Let a polynomial $f$ be in $\mathbb{Z}[x]$. Assume that for every $n \in \mathbb{N}$ $f(x)=n$ has at least one integer solution. Than prove that $$f(x) = \pm x + c$$ I really don't know to start. Thanks in advance!
Asked
Active
Viewed 86 times
3
-
4Try and prove that with $n$ outside of a range like $[M,-M]$ for some suitable (large) $M$ the values of $f$ are constrained to be in a set that excludes more than $2M+1$ integers. That is, unless A) $f$ is linear, and B) has leading coefficient $\pm1$. – Jyrki Lahtonen Aug 30 '19 at 19:35
-
Thanks for the input. Anyway, I was looking for a more conceptual-algebraic way to solve it, if possible. I remember that I saw this problem solved in an elegant way, a long time ago, but unfortunately I can't recall the proof! – astrobarrel Aug 30 '19 at 19:40
-
2For $x$ large enough, $f$ is strictly increasing or decreasing. Furthermore, $f(x + 1) - f(x)$ is larger than $1$ unless $f$ fits the expression you have. – Ayman Hourieh Aug 30 '19 at 19:49
-
2I had a recollection that the same question has been handled (hence no answer from me). Indeed, here is one. For better or for worse, the answer/comment there are along the lines of my suggestion. In order not to have this closed as a duplicate may be you need to specify better, what kind of a solution you are looking for? – Jyrki Lahtonen Aug 30 '19 at 19:49
-
A solution that is not "analytic" but instead uses something algebraic like divisors, roots... – astrobarrel Aug 30 '19 at 19:52
-
I take it that excludes the first derivative test? That's all you need to develop my comment to a full answer. – Ayman Hourieh Aug 30 '19 at 19:53
-
The derivative test is ok as long as you use it for its scope, that is, proving or disproving that you have a multiple root, i guess. I know that what i'm asking is really vague, but i wanted to see if someone knew that proof. It should not be really difficult as I saw it in my second year as an undergraduate. – astrobarrel Aug 30 '19 at 19:57
-
Possible duplicate of Surjective Linear Integer Polynomial. – Dietrich Burde Aug 30 '19 at 20:11
1 Answers
6
Let $f(x)=a_0+a_1x+...+a_kx^k$ where we shall assume that $a_k\ne0$ and $k>1$.

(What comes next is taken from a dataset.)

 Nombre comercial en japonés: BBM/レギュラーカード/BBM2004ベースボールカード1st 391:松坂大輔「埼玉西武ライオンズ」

Let $p$ be a prime greater than $1+|a_1|+|a_2|+...|a_k|$ and suppose that $t$ is an integer solution of $f(x)=a_0+p$.
Then $t(a_1+a_2t+ ...+a_kt^{k-1})=p$ and so $t$ is one of $-1,1,-p,p$.
If $t$ is $-1$ or $1$, then $|a_1|+|a_2|+...|a_k|\ge p$, a contradiction.
So suppose that $t$ is $-p$ or $p$. Then $$|a_k|p^{k-1}\le (1+|a_1|+|a_2|+...|a_{k-1}|)p^{k-2}$$ and so $$p\le (1+|a_1|+|a_2|+...|a_{k-1}|),$$ another contradiction.
Therefore $k$ must be $1$ and, for $t$ is an integer solution of $f(x)=a_0+p$, we have to solve $a_1t=p$. Then $a_1$ is a factor of all possible $p$ and so $a_1$ is $1$ or $-1$, as required.